**ACTIVITY:**
With the pictures omitted, print exactly the lines below, from the one containing "3. Pekrijte drugom" through the one containing "从2022-04-26至2022-08-12,共包含75个交易日,阶段股价上涨34.69%,阶段股价变动位移路程比: 1 : 5", and nothing else.

**EXTRACTED MATERIAL:**
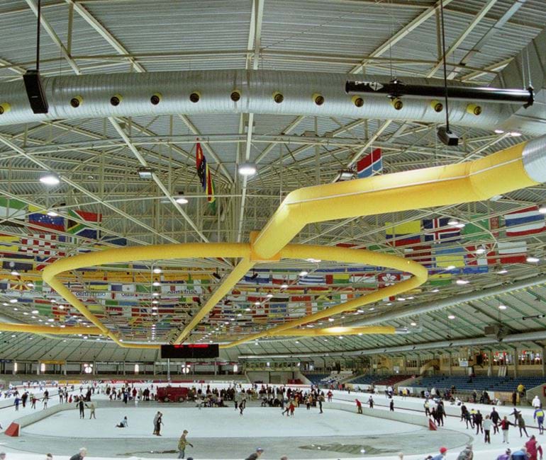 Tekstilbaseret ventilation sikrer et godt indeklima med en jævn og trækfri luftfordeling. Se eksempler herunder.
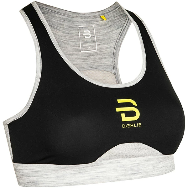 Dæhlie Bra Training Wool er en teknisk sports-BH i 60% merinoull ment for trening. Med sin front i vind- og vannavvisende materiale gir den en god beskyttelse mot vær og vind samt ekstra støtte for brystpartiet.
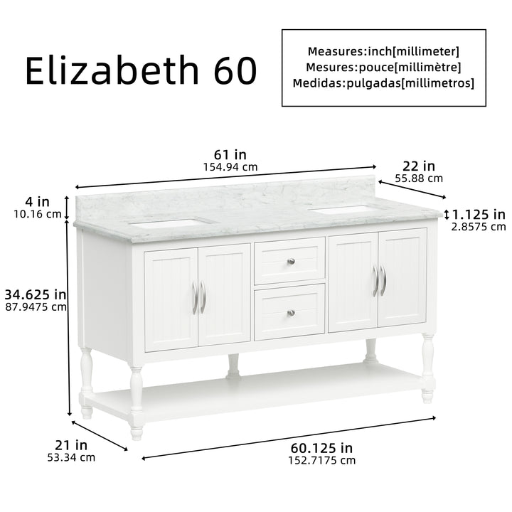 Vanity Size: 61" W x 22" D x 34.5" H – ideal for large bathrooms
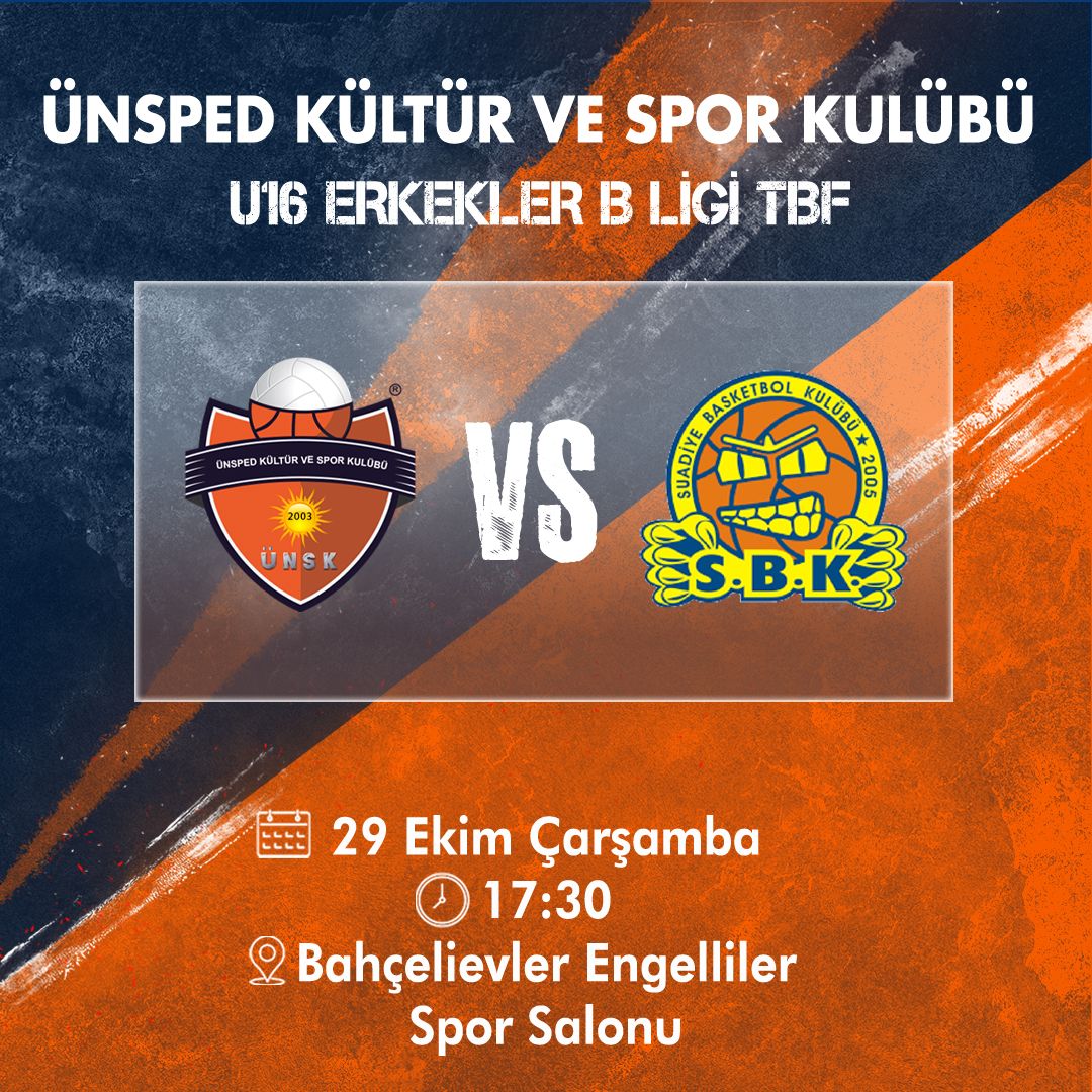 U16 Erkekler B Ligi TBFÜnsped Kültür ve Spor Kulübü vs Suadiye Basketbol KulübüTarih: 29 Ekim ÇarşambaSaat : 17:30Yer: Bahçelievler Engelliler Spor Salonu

--

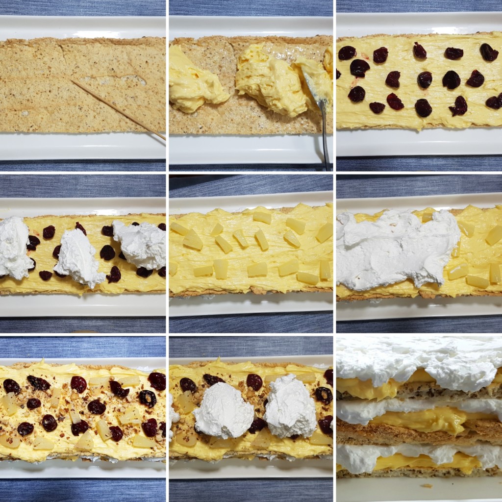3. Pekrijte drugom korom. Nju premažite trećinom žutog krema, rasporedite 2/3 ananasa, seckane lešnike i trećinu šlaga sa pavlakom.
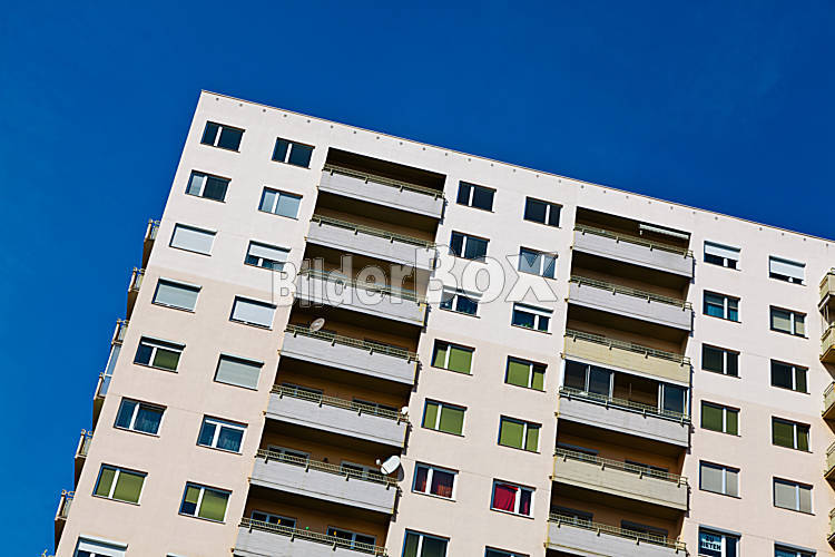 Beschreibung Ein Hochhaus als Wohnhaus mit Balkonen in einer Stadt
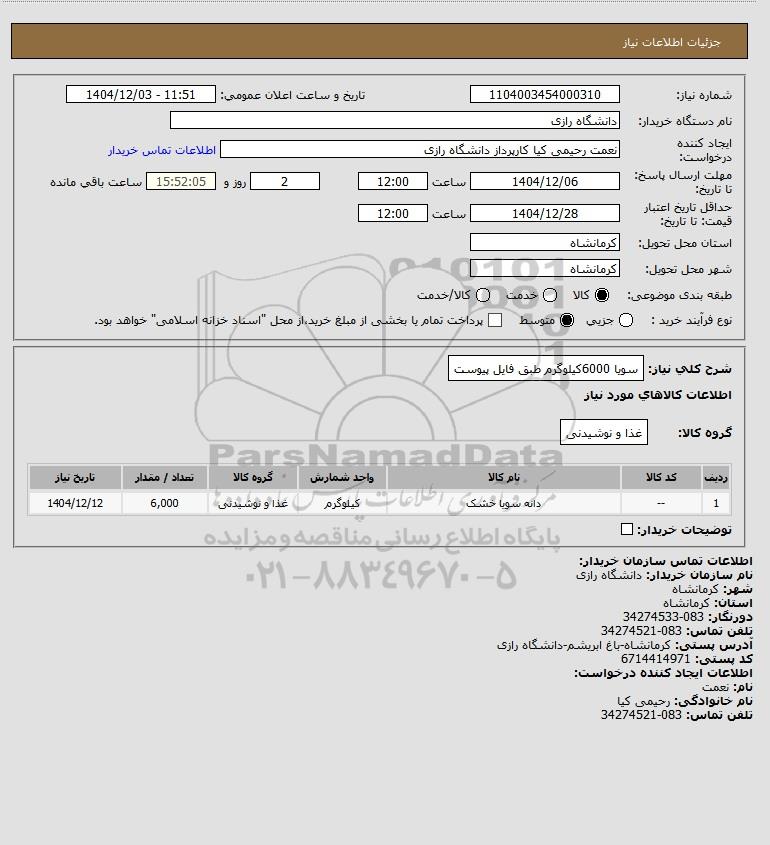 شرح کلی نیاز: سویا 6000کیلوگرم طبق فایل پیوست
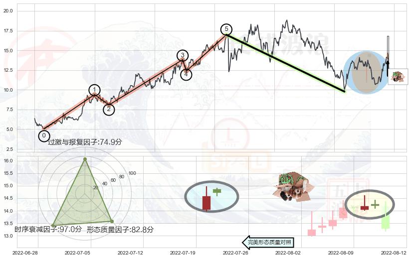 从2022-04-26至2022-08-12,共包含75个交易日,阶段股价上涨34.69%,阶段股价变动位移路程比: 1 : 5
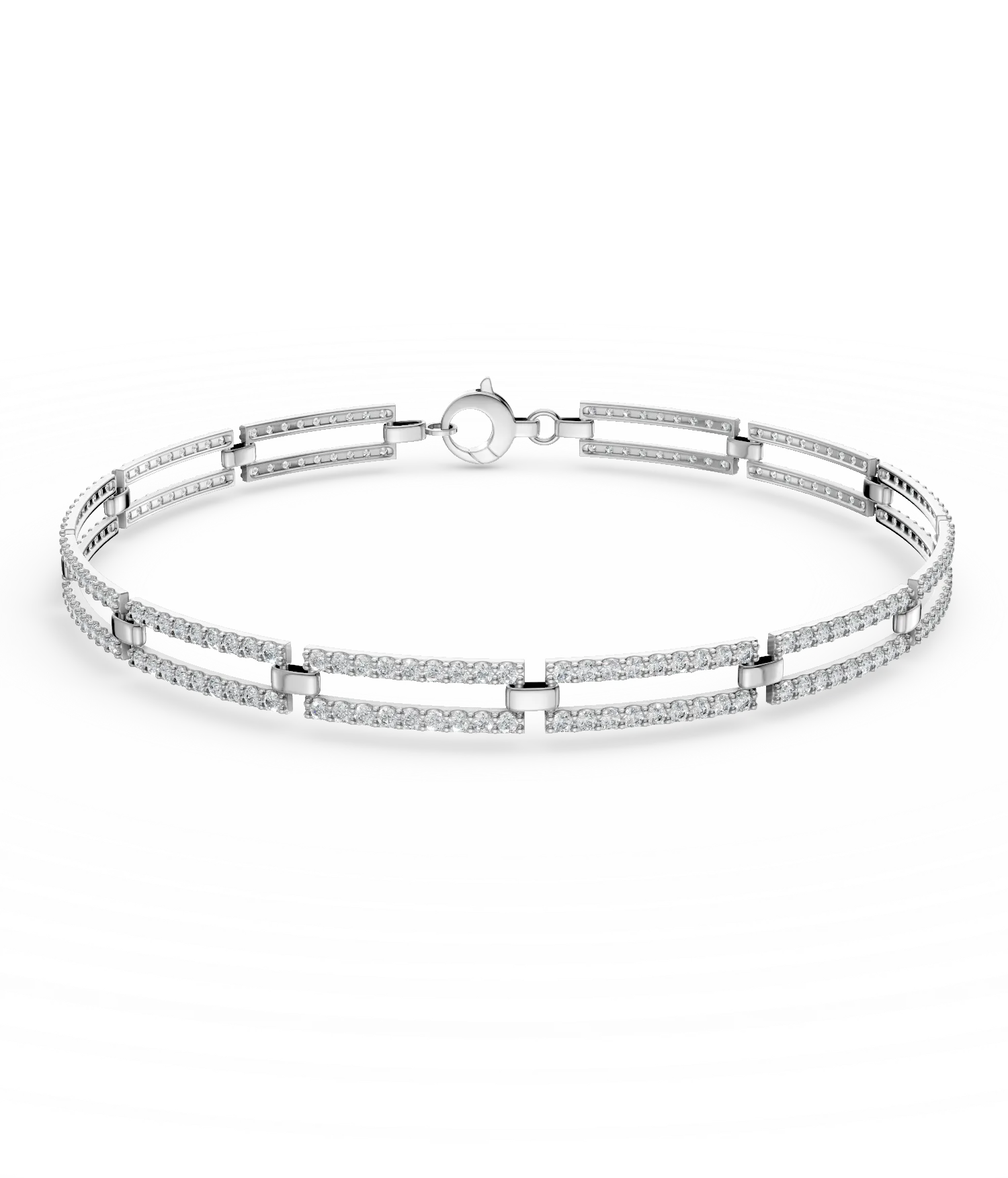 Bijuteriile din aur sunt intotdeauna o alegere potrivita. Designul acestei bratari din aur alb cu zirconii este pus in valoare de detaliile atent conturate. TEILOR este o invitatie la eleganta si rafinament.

**EXERCISE SOLUTION:**
3. Pekrijte drugom korom. Nju premažite trećinom žutog krema, rasporedite 2/3 ananasa, seckane lešnike i trećinu šlaga sa pavlakom.
 Beschreibung Ein Hochhaus als Wohnhaus mit Balkonen in einer Stadt
 شرح کلی نیاز: سویا 6000کیلوگرم طبق فایل پیوست
 从2022-04-26至2022-08-12,共包含75个交易日,阶段股价上涨34.69%,阶段股价变动位移路程比: 1 : 5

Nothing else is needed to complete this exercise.